§ **WORK TASK**: From first line to last, give the records again word for word and omit the pictures.

§ **RECORDS FOR THIS EXERCISE**:
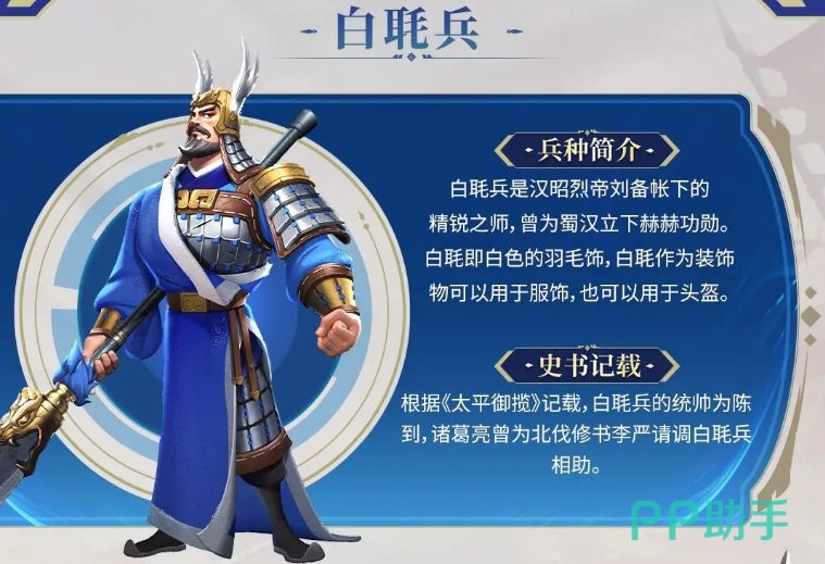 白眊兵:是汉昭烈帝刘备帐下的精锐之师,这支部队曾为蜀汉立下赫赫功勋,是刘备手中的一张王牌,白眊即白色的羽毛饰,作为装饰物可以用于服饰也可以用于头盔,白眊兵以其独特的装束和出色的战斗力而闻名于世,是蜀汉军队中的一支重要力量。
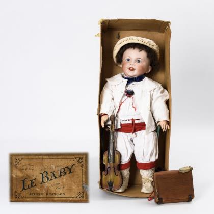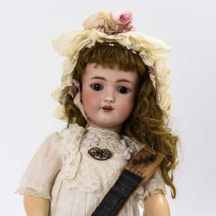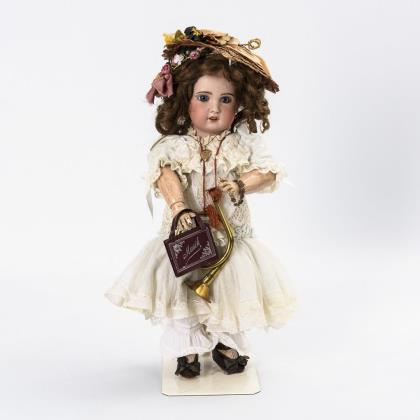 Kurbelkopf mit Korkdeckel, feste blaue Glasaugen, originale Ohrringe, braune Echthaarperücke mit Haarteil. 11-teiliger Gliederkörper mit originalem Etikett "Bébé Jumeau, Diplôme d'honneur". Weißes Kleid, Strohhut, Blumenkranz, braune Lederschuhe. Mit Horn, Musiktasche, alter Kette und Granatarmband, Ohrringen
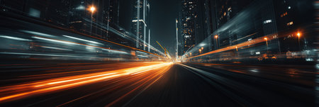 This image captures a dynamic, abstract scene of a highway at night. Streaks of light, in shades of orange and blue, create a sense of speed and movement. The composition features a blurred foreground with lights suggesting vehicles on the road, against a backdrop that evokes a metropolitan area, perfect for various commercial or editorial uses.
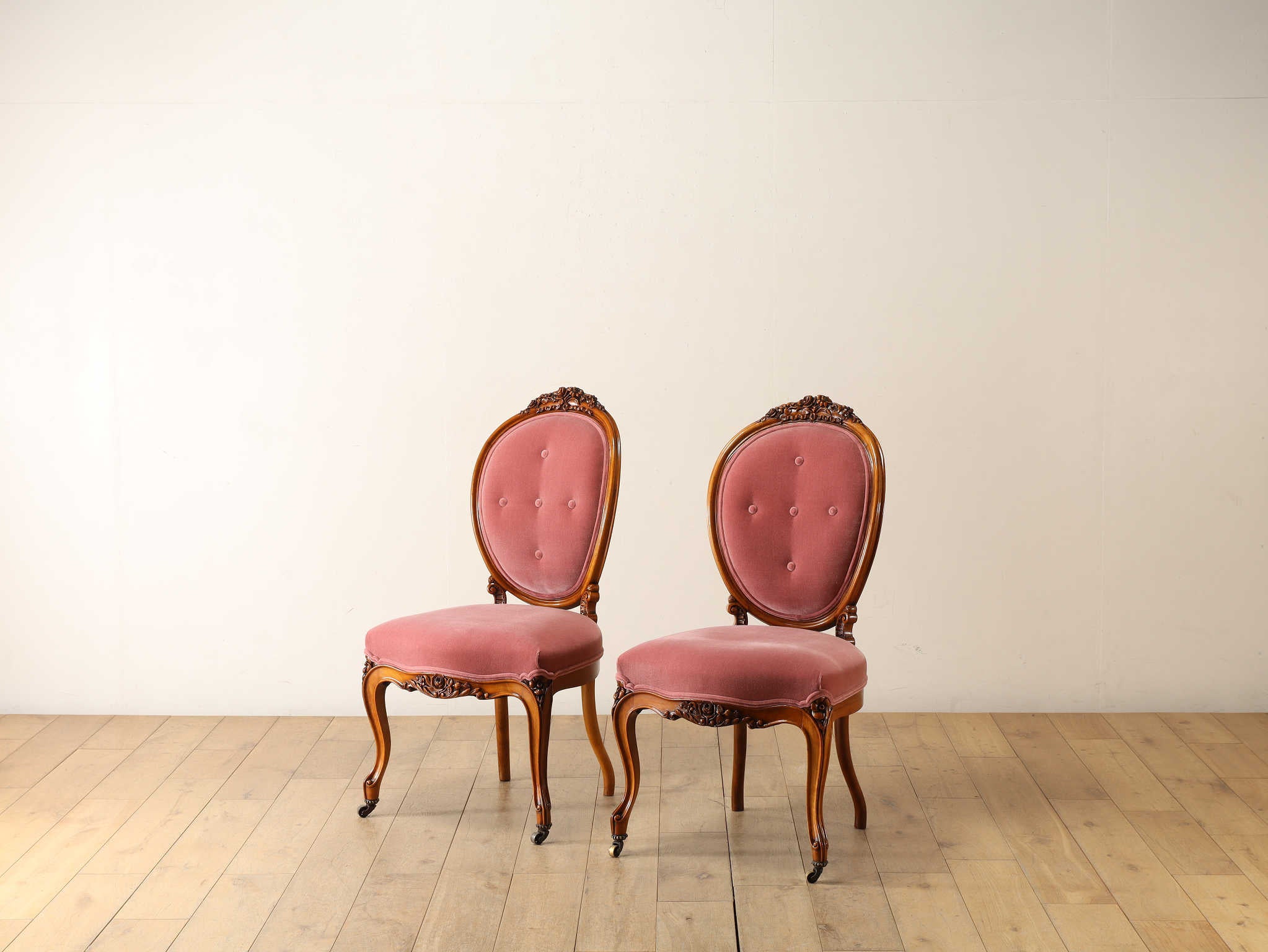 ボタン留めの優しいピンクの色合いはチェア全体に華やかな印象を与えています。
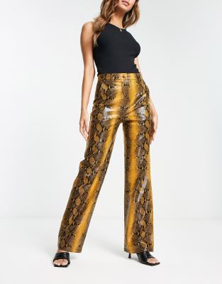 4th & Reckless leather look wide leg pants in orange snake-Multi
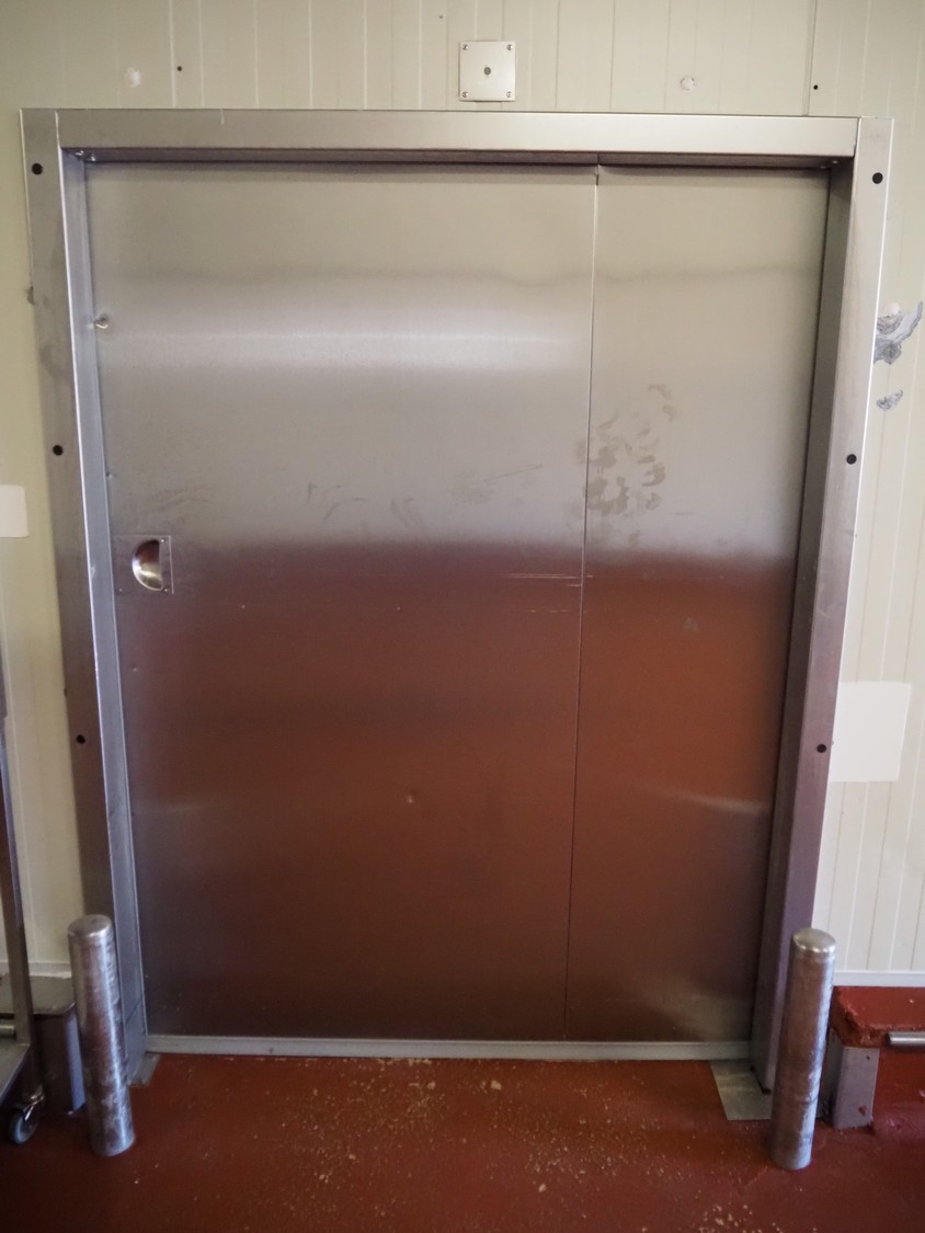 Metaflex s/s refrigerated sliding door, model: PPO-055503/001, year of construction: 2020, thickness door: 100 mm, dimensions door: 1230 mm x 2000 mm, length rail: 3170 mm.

§ **EXERCISE RESULT**:
 白眊兵:是汉昭烈帝刘备帐下的精锐之师,这支部队曾为蜀汉立下赫赫功勋,是刘备手中的一张王牌,白眊即白色的羽毛饰,作为装饰物可以用于服饰也可以用于头盔,白眊兵以其独特的装束和出色的战斗力而闻名于世,是蜀汉军队中的一支重要力量。
 Kurbelkopf mit Korkdeckel, feste blaue Glasaugen, originale Ohrringe, braune Echthaarperücke mit Haarteil. 11-teiliger Gliederkörper mit originalem Etikett "Bébé Jumeau, Diplôme d'honneur". Weißes Kleid, Strohhut, Blumenkranz, braune Lederschuhe. Mit Horn, Musiktasche, alter Kette und Granatarmband, Ohrringen
 This image captures a dynamic, abstract scene of a highway at night. Streaks of light, in shades of orange and blue, create a sense of speed and movement. The composition features a blurred foreground with lights suggesting vehicles on the road, against a backdrop that evokes a metropolitan area, perfect for various commercial or editorial uses.
 ボタン留めの優しいピンクの色合いはチェア全体に華やかな印象を与えています。
 4th & Reckless leather look wide leg pants in orange snake-Multi
 Metaflex s/s refrigerated sliding door, model: PPO-055503/001, year of construction: 2020, thickness door: 100 mm, dimensions door: 1230 mm x 2000 mm, length rail: 3170 mm.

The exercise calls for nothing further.